Somalia's al Shabaab, a brutal jihadist militia linked to al Qaeda, has over the past two years been on the retreat, its forces expelled by Somali and African Union(AU) troops from many of the country's cities. Sunday's attack by it on the softest of targets, a small unprotected Kenyan coastal town of Mpeketoni, resulted in the deaths of at least 48 locals, mostly fans watching World Cup football in a television hall. In truth, the attack was an expression of its desperation and growing impotence, the mayhem, a publicity-seeking, strategically pointless act of propaganda against Kenyan involvement in Somalia as part of the AU peacekeeping contingent.
Kenya has witnessed a spate of attacks by Islamist militants since it deployed troops in Somalia in 2011, and al Shabaab claimed responsibility for the attack last September on the Westgate Mall in Nairobi in which at least 67 civilians and members of security forces died. Since then another 64 people have been killed and 263 injured in "terrorist attacks".

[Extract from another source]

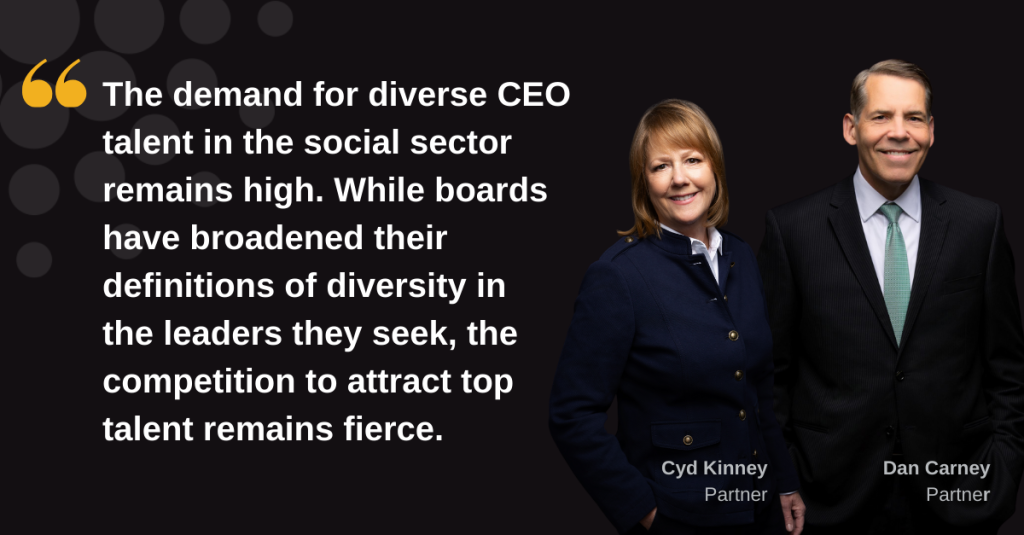 The demand for diverse CEO talent in the social sector remains high, especially following retirements and other post-pandemic influences. While boards have broadened their definitions of diversity in the leaders they seek, the competition to attract top talent remains fierce.

The attack mirrors a 2010 al Shabaab bombing in Kampala of crowds watching World Cup matches on TV, killing 77 people. In May this year two suicide bombers from the group attacked a restaurant in Djibouti – 20 died. Both countries also have troops in Somalia. None have any intention of withdrawing them.
Al Shabaab's export of jihad echoes the growing internationalisation and cross-pollination of Africa's Islamist groups – it is reported to have provided training to Boko Haram, still holding hundreds of kidnapped schoolgirls. Kenya, Somalia, Algeria, Mali, Nigeria and Libya, all have seen major recent terror attacks from groups that have flourished since the Arab spring. Porous borders, weak and corrupt central governments, undertrained and underequipped militaries, flourishing drug trades that provide endless funds, all grist to the mill of the jihadist recruiters. And the latest manifestation, emboldened, as a Kenyan military spokesman put it to journalists yesterday, by the advance by Islamist militants in Iraq.